EXERCISE INSTRUCTIONS: As the answer, give exactly the lines of the records below from the one with "สรุปเหรียญว่าย" through the one with "五目ご飯 ししゃものフライ さつま芋のみそ汁 牛乳 |", ends included and pictures left out.

EXTRACTED MATERIAL:
•••
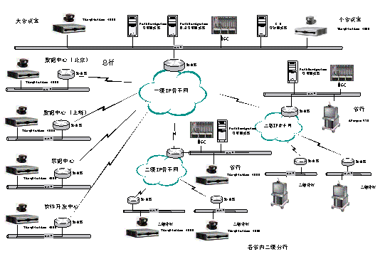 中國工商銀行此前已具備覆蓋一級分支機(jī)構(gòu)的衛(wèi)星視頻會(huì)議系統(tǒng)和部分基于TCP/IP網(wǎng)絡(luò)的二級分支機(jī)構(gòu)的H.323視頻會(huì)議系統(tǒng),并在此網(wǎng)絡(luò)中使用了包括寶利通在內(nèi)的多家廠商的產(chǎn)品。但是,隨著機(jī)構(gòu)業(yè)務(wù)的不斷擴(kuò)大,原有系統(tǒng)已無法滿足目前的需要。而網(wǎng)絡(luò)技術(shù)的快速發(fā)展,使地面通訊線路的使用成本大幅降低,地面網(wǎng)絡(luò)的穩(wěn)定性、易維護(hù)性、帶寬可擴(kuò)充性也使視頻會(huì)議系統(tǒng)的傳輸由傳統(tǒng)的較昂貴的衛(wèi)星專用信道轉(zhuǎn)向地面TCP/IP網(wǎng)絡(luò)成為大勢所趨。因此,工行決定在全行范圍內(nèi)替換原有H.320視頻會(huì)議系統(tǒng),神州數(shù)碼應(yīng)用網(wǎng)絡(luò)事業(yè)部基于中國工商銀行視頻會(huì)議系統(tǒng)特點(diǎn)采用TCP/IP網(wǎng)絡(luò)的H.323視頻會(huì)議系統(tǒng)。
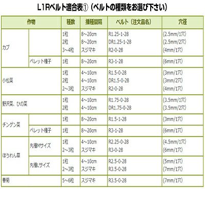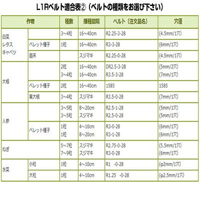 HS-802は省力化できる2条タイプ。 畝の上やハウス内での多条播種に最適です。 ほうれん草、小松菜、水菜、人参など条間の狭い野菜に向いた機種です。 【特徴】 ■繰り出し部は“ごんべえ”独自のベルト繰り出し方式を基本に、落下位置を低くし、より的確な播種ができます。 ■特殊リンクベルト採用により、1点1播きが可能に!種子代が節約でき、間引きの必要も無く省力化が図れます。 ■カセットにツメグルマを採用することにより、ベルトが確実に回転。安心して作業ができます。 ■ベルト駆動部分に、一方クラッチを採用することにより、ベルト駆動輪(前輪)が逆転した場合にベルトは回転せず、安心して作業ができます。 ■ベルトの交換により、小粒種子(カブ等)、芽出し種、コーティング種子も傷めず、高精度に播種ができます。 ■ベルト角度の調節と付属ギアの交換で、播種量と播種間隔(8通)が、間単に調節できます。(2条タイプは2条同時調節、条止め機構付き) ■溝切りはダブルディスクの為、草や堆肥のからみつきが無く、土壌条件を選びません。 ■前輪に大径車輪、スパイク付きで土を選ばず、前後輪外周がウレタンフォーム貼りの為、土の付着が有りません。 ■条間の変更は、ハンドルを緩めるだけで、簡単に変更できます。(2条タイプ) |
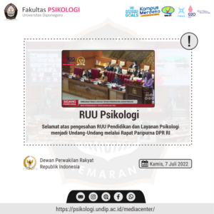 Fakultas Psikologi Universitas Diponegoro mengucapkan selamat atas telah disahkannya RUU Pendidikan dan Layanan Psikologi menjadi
•••
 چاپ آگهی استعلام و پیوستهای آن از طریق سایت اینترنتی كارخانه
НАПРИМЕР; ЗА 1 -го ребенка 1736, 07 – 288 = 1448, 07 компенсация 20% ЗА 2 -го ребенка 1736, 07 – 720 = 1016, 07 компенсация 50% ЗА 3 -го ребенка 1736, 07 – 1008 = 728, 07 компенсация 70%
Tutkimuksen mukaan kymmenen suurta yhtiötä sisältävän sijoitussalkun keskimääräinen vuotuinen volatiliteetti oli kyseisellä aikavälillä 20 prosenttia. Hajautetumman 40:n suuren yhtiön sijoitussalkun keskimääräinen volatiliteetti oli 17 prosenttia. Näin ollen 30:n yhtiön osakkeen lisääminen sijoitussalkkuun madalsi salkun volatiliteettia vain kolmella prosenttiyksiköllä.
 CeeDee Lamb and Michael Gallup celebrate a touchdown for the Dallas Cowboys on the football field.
•••
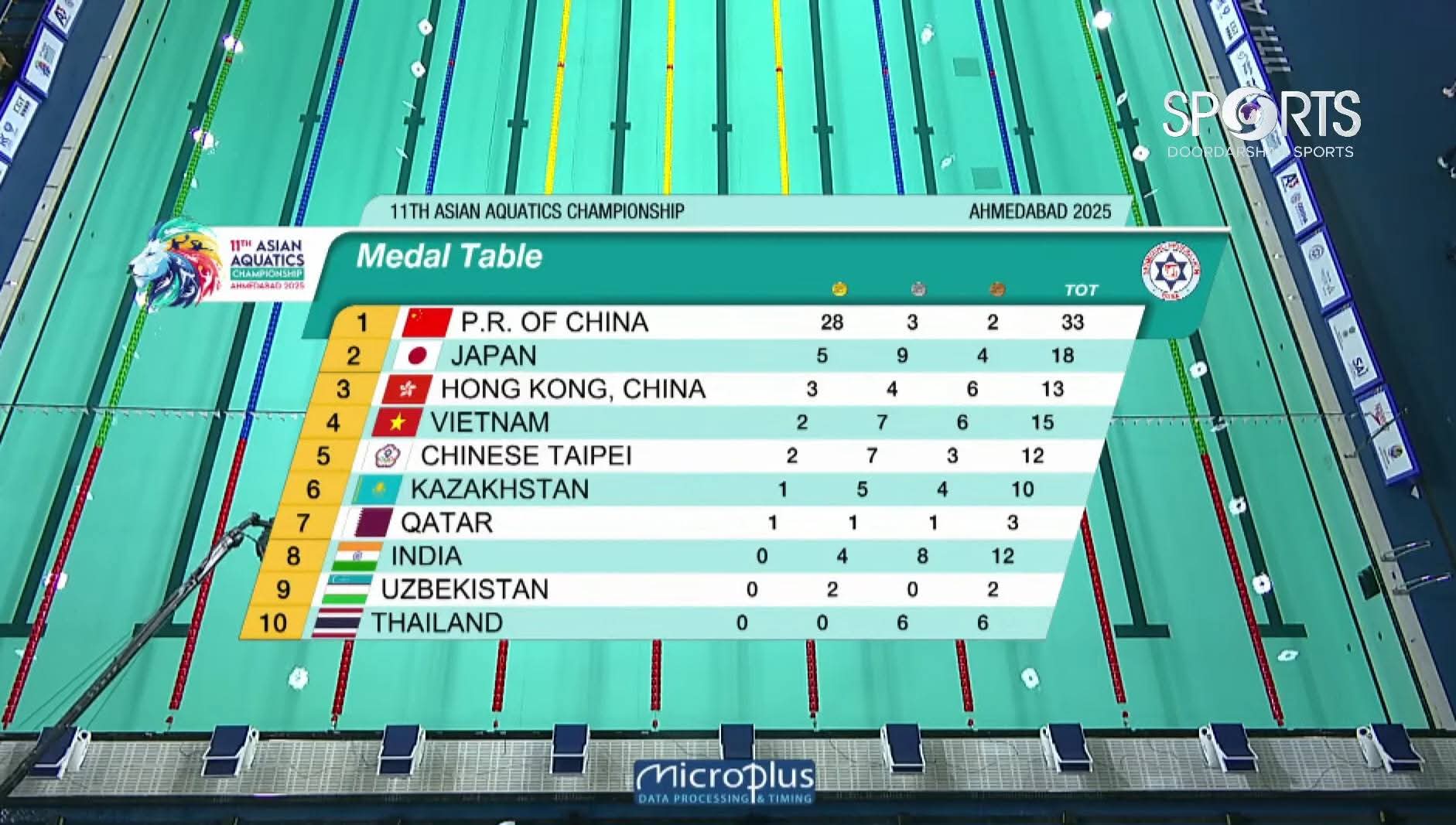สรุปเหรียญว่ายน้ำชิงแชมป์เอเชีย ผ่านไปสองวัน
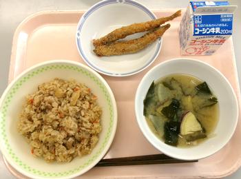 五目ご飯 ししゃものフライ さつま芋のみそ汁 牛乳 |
•••
RESPONSE BOX:
สรุปเหรียญว่ายน้ำชิงแชมป์เอเชีย ผ่านไปสองวัน
 五目ご飯 ししゃものフライ さつま芋のみそ汁 牛乳 |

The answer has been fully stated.